Flowchart over enrolled patients. A total of 121 critical ill COVID-19 patients were included when admitted to the ICU. Three patients were later PCR-confirmed COVID-19 negative. Twenty-three patients died before follow-up and 36 patients did not consent to follow-up. One patient was excluded due to severe neurological disease. Sixty-one patients were available at follow-up 3–6 months after discharge from the ICU, 2 patients had incomplete follow-up questionnaires and 2 patients had incomplete biomarker analysis. A total of 57 patients had complete follow-up and biomarker data, however one patient had incomplete MoCA therefore 56 patients were available for cognitive impairment analysis. ICU Intensive care unit. MoCA Montreal cognitive assessment score.

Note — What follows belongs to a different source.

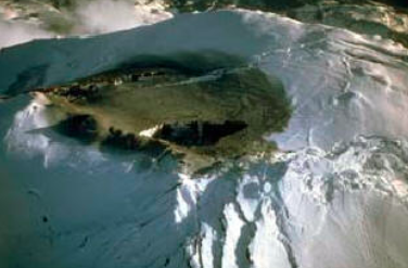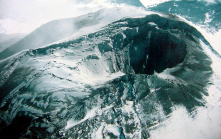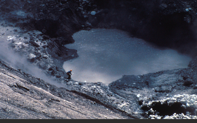 The bulge also had the effect of widening and deepening the crater. Warm steam, rising out of the base of the crater, melted glacial ice, and formed a lake.
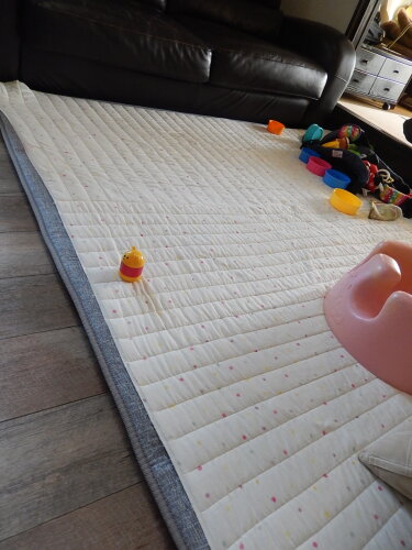 キルティングで簡単に生地 イラストレーター 芳野さんデザイン ガーゼ キルティング生地 dot yoshinoドットの中に模様、全体に薄イエローの柄ものすごく可愛らしい生地いつだったか、孫が我が家の床で頭を強打し対策にプレイマットを買おうと夫価格と見た目で、ラグに変更よだれ対策&なめてもいいよう、カバーを作ることに購入数日後に来るというので、在庫布の中から水通しもせずに急いで作る用尺ギリギリ、しかも継ぎ接ぎ端ロック始末のまま、縦横入り乱れ四隅ゴム仕様(適当)洗濯したら縮んでしまい、あ~あ大事にしていた生地なのに長い間仕舞い込んでいたものが形となり目にすることができ嬉しいから、良しとしよう。部屋の中も明るい雰囲気になったかなびっくりするほど高いけど、こんなの欲しかった

Risk for in hospital mortality was evaluated at admission to the ICU using Simplified acute physiology score 3 (SAPS3) which ranges from 16 to 217 points with higher points indicating higher risk of mortality20. EDTA plasma was collected at the ICU within the first days of admission and again at 3–6 months after discharge from the ICU, and frozen at − 80 °C until use.

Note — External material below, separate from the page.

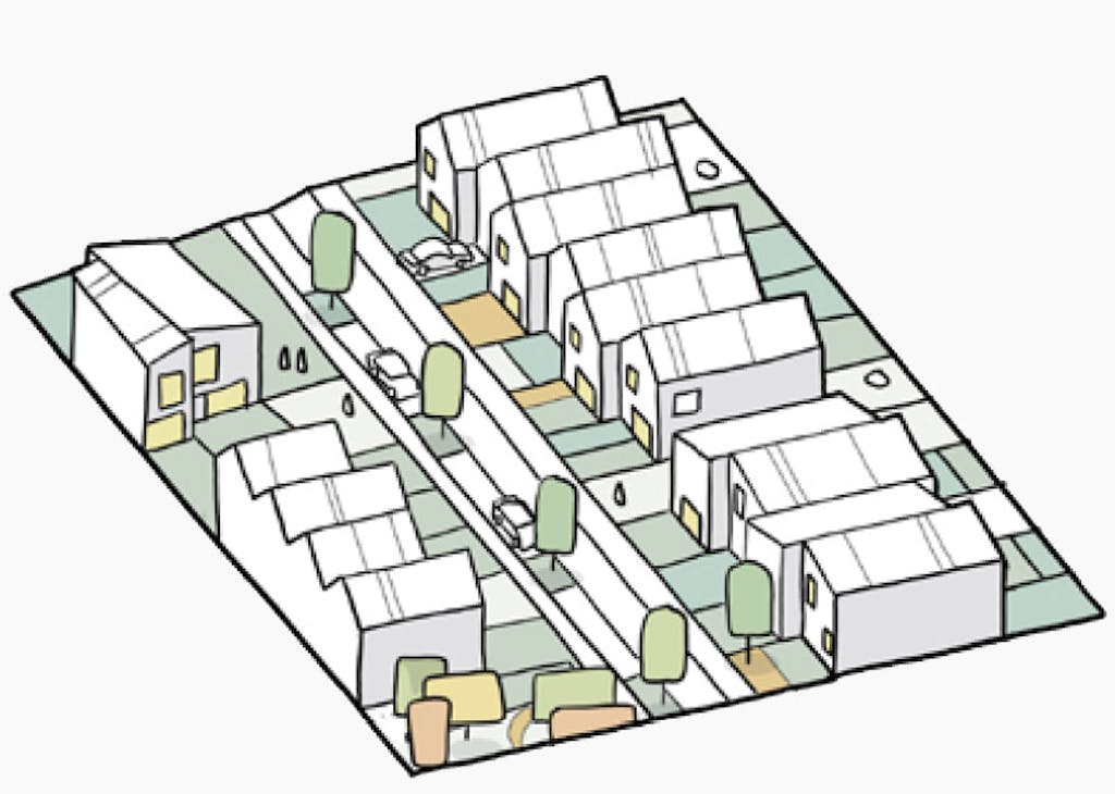 Den sista byggstenen är det som ofta listas först: bebyggelsen. Och visst är det viktigt, vad som byggs och hur det ser ut. Men det är helheten, hur byggstenarna komponeras och sätts samman som definierar kvaliteten på den stadsdel som möter både besökare och boende: hur husen möter marken, hur byggnaderna sig genom området, i vilka väderstreck gårdar och uteplatser förläggs. Tillsammans med en omsorgsfull gestaltning av de hus som ska byggas skapas ett ramverk för utvecklingen av Viby.

At follow-up, 3–6 months after the ICU stay, patients were assessed regarding fatigue using MFI-2021 and cognitive function using MoCA22. The MFI-20 questionnaire consists of a total of 20 items in five subscales with each subscale containing its own aspect of fatigue; general fatigue, physical fatigue, mental fatigue, reduced activity and reduced motivation. High scores represent a high level of fatigue and each subscale range from 4–20 points21. For MFI-20, a score corresponding to the ≥ 95 percentile in a normal population stratified by age and gender was used to identify patients with significant fatigue21, and the patient cohort was subsequently classified as having fatigue or not having fatigue for those without fatigue at follow-up.

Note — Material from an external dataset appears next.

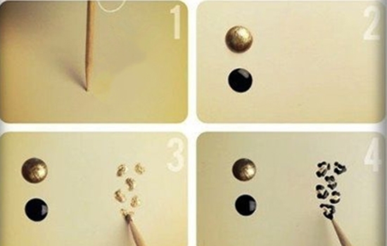 1.先选取需要画在里面的颜色,这里示范就用最常见的黑金搭配啦,用竹签沾金色甲油后不规则的点在指甲上。
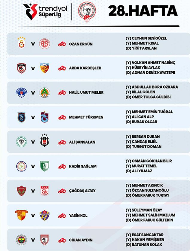 Trendyol Süper Lig'in 28. haftasında görev yapacak hakemler Türkiye Futbol Federasyonu Merkez Hakem Kurulu tarafından açıklandı.

The MoCA questionnaire has a high sensitivity and specificity to detect mild cognitive dysfunction22. It assesses cognitive function through 10 items over several cognitive domains. For cognitive assessment a cut-off value lower than 26 points on MoCA (max 30 points) was used to indicate cognitive impairment and 26 points or above to indicate no cognitive impairment. Education level affects the total score and therefore an additional point is added to correct for education of less than 12 years22.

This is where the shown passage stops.